I stopped seeing the naturopath. I'm not on any supplements any more. I'm also not strict about the diet- I eat gluten multiple times a week, although less than before I went gluten-free.
The jig is up. The pain is all psycho-somatic. Not a lack of some nutrient, vitamin, or protein.
Landmark insights and self -insights are helping me see that I tighten up nearly all the time when I'm 'witholding'. Add that to the fact that I never let things go or feel good about myself- there's all my body pain.
Just two nights ago, I did this thing where I acknowledged all my deepest mental hurts. Various parts of my body- back, stomach, legs, let go. I'm in alot less pain, and I think its going to keep getting better (as long as I keep acknowledging my hurts).
Man, I'm sorry I spent so much money and time with Dr. Olsen. I didn't know why I couldn't stop, even when it wasn't helping. I guess thats something that is hard for me- finding fault in others but not saying it. The proper thing to say would have been- none of these supplements are doing any good, and if you agree that its psychosomatic, why am I wasting my money here? Of course, I liked being there and I liked seeing the doctor, and my life is so pathetically isolated outside of doctors.
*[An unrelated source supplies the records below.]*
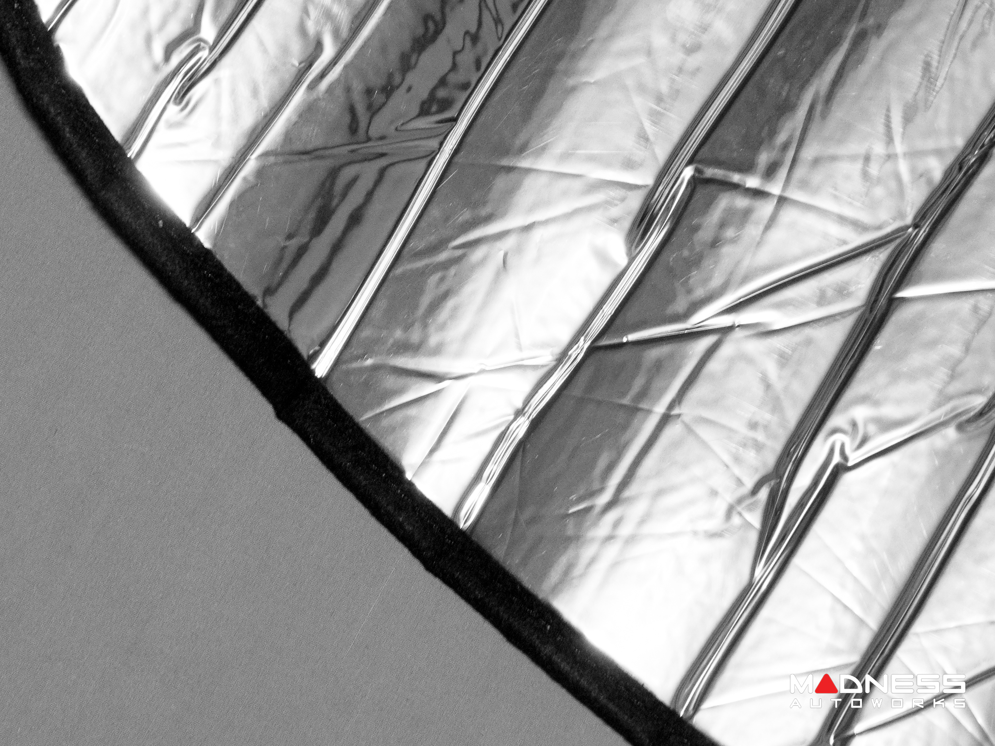 This Custom Alfa Romeo Tonale Sun Shade/ Reflector - Custom Auto Shade is manufactured using a superior quality multi-layered material with a metalized outer film that reflects harming UV rays.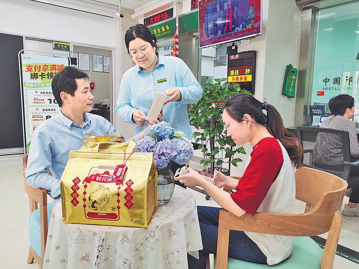 邮政工作人员在网点向客户推介“状元米”祈福礼盒。□陈锐 摄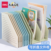 得力折叠书立架可伸缩书立架文件收纳筐小清新桌面文具收纳学生大号文件架书架折叠书立架桌面文件盒办公用品四联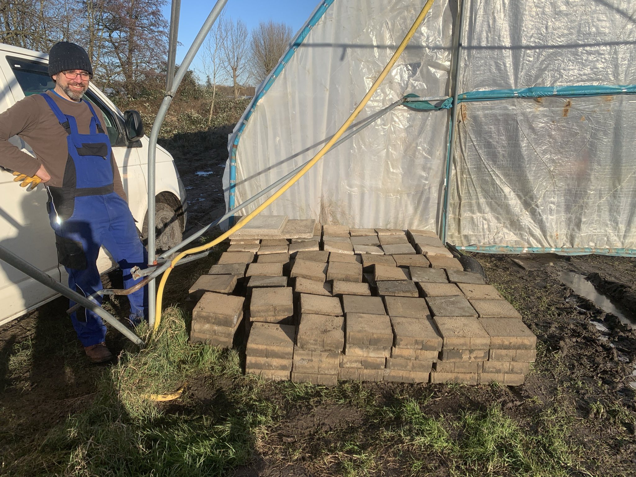 Aufbau am neuen Standort - Gehwegplatten per Kleinanzeigen geschenkt bekommen,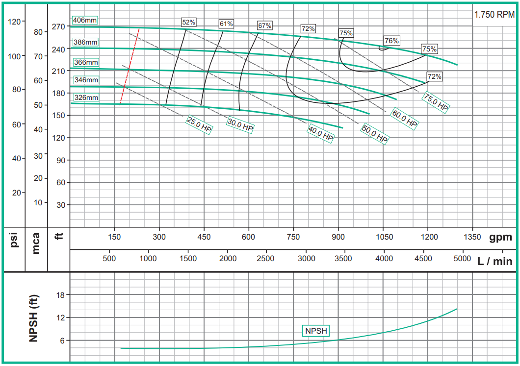 Tipo de impulsor: Cerrado, balanceado dinámicamente (ISO G6.3)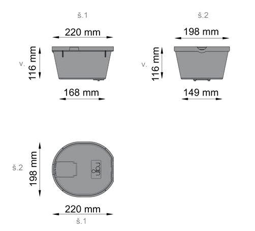 Rozmer: 168/220 x 149/198 x 116 mm (š1 x š2 x v)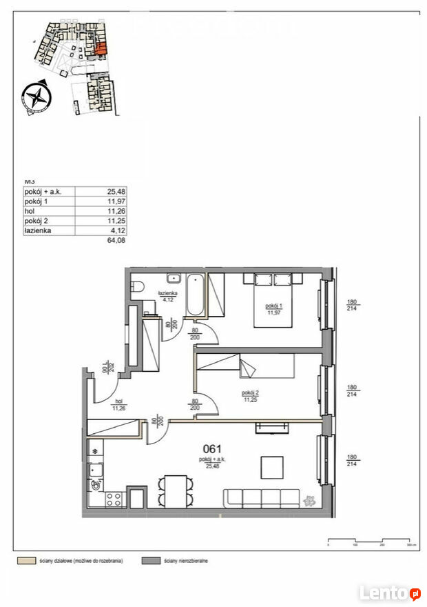 Mieszkanie o powierzchni 64,08 m2 usytuowane na parterze.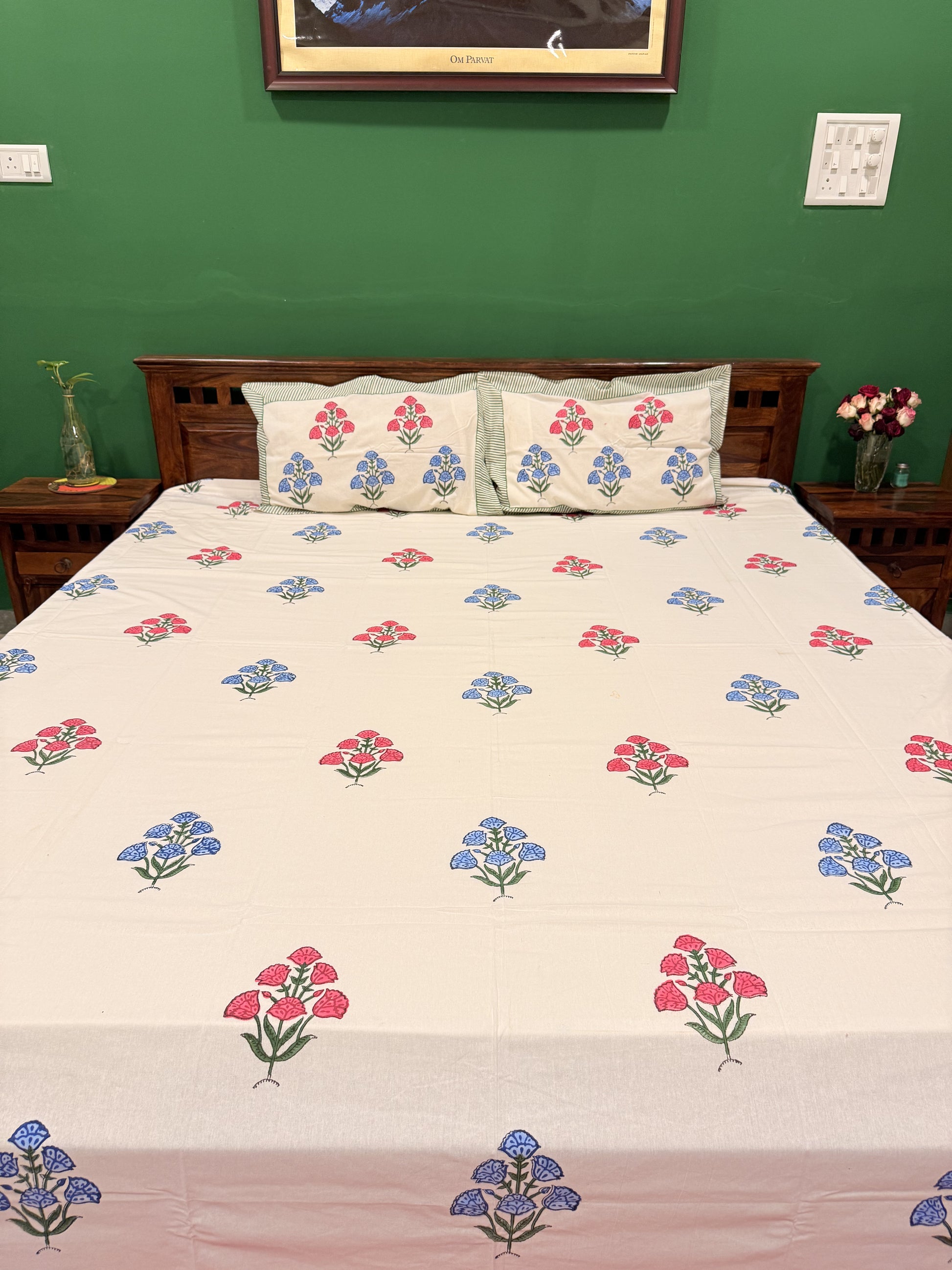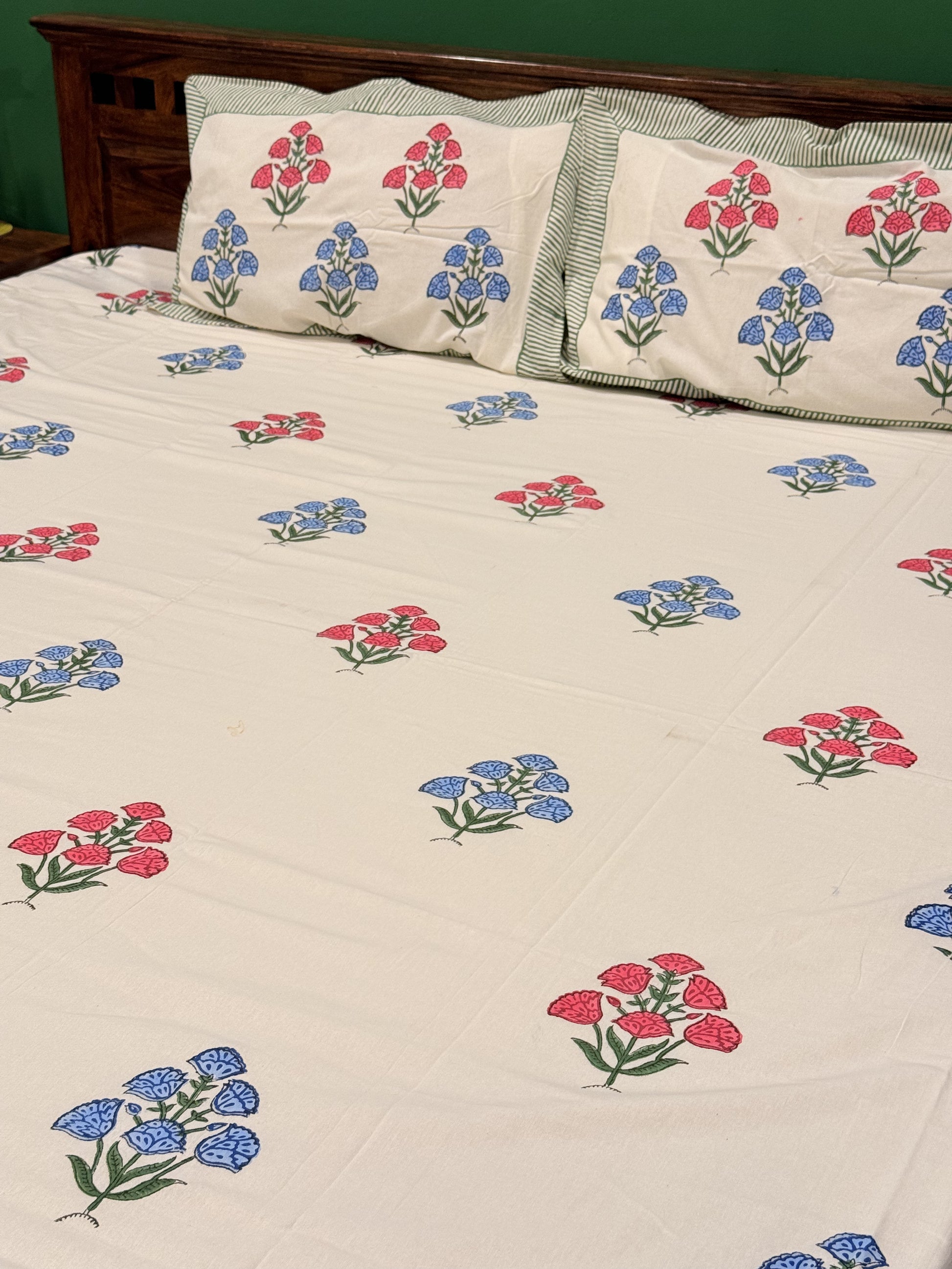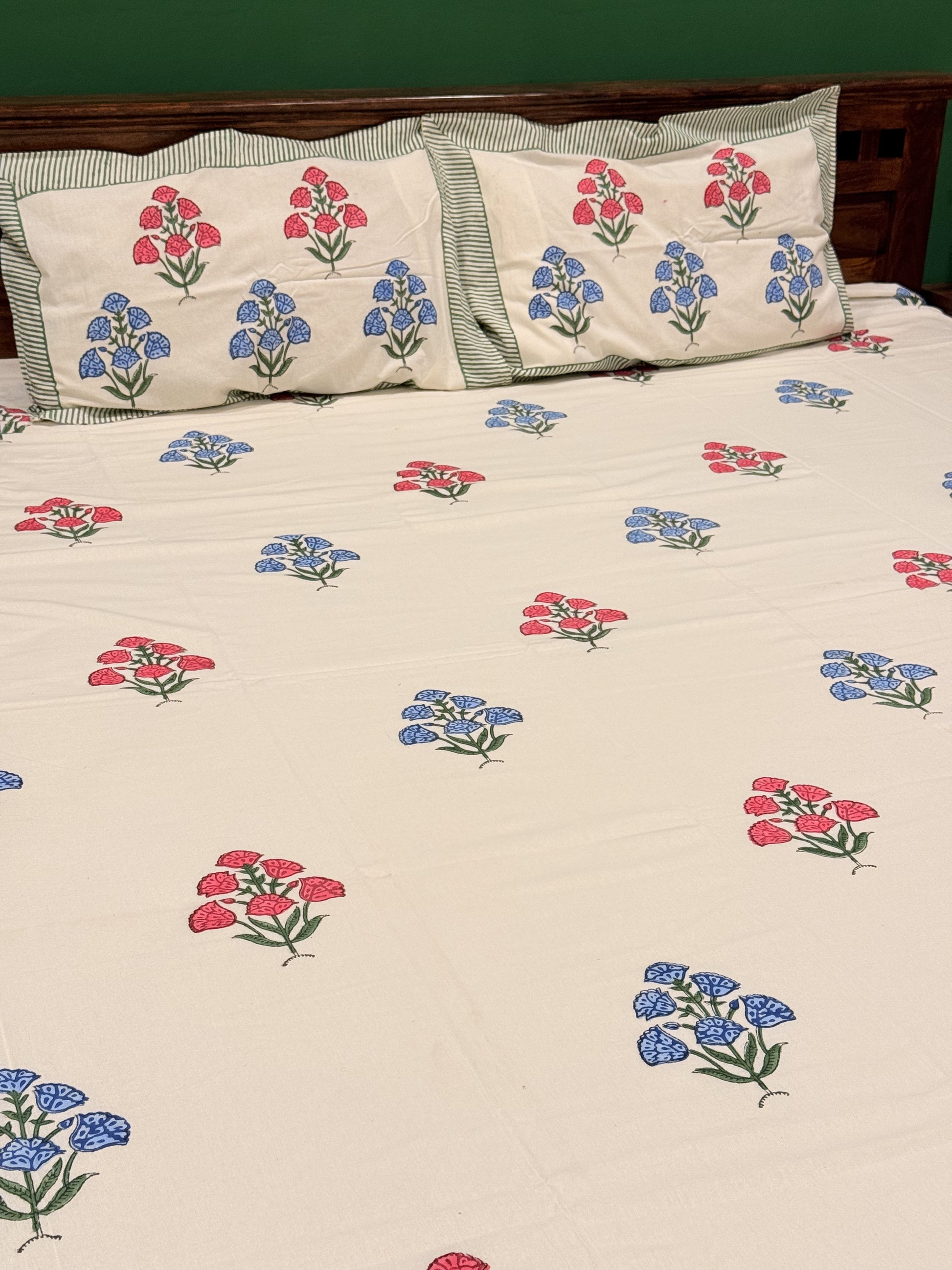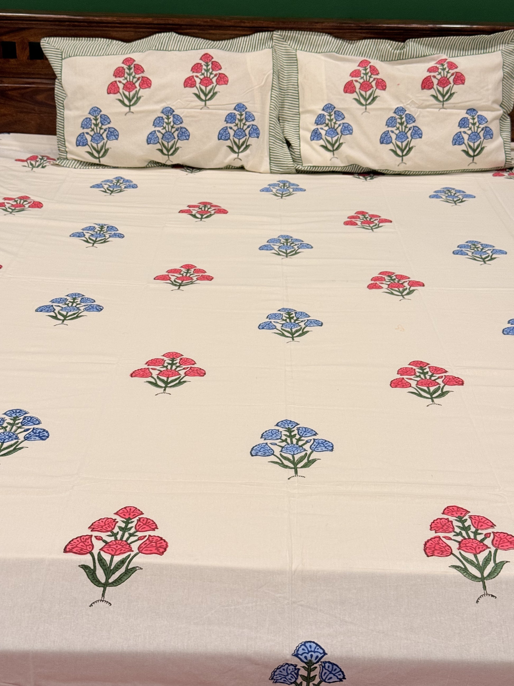 Multicolor Premium Cotton Handblock Double Bedsheet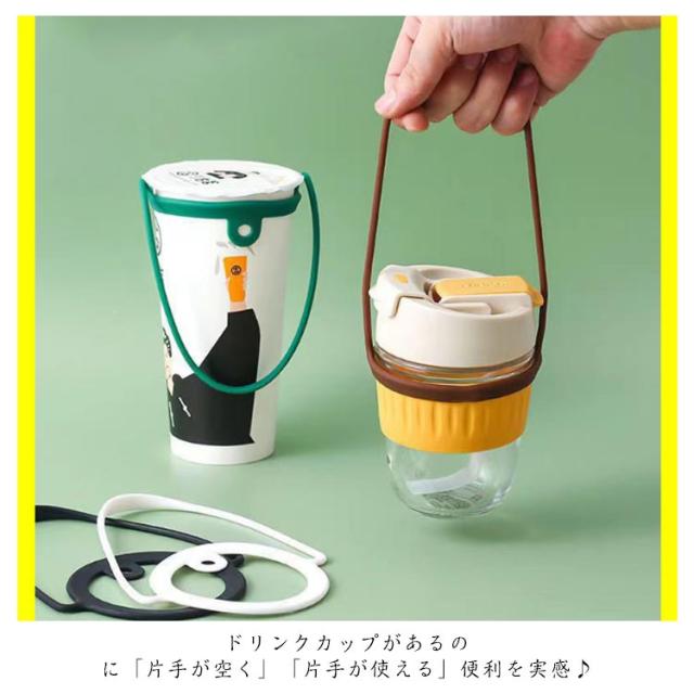 | 選べる12色!6個セット!SNSで大人気! ドリンクホルダーストラップ♪ 話題の オシャレでかわいい 写真映えする ドリンクカップがあるのに「片手が空く」「片手が使える」便利を実感♪ コンビニ カフェでのテイクアウトカップをオシャレに持ち歩ける♪ ■お子様との散歩 ベビーカーがあるお出かけでも活躍 ベビーマグ ストローマグなどにドリンクストラップを装着し、ベビーカーのフックに着ければ必要な時だけ使えるドリンクホルダーに♪ ■シリコーンゴムだから使わない時はコンパクトに折りたたんでカバンに収納も◎ 仕事の休憩中などカフェに行く際にポケットにストラップをそのまま入れて持ち運べます♪ ■扱いやすいシリコーンゴムだから、汚れても水洗い 除菌シートなどでも簡単にお手入れ可能♪ シリコーンゴム素材のドリンクストラップなので、おなかの部分が少し大きくなったマグでも対応可能です。 ※ご利用頂くマグの大きさによってはご利用頂けないものもあります。 | |

Anyways.. I'm thinking alot about Landmark (SHARE, SHARE, SHARE) which is driving me crazy. When am I going to cut the mind wandering bullshit, and take credit for what I have done rather than act like "Landmark" did it?
Things are going good - I could be pain free by the end of the year.
I quit with Dr. Greene after 4 weeks of 3x/week. It was helping a little but not much. I look forward to getting some more adjustments once I can stabilize my body being looser.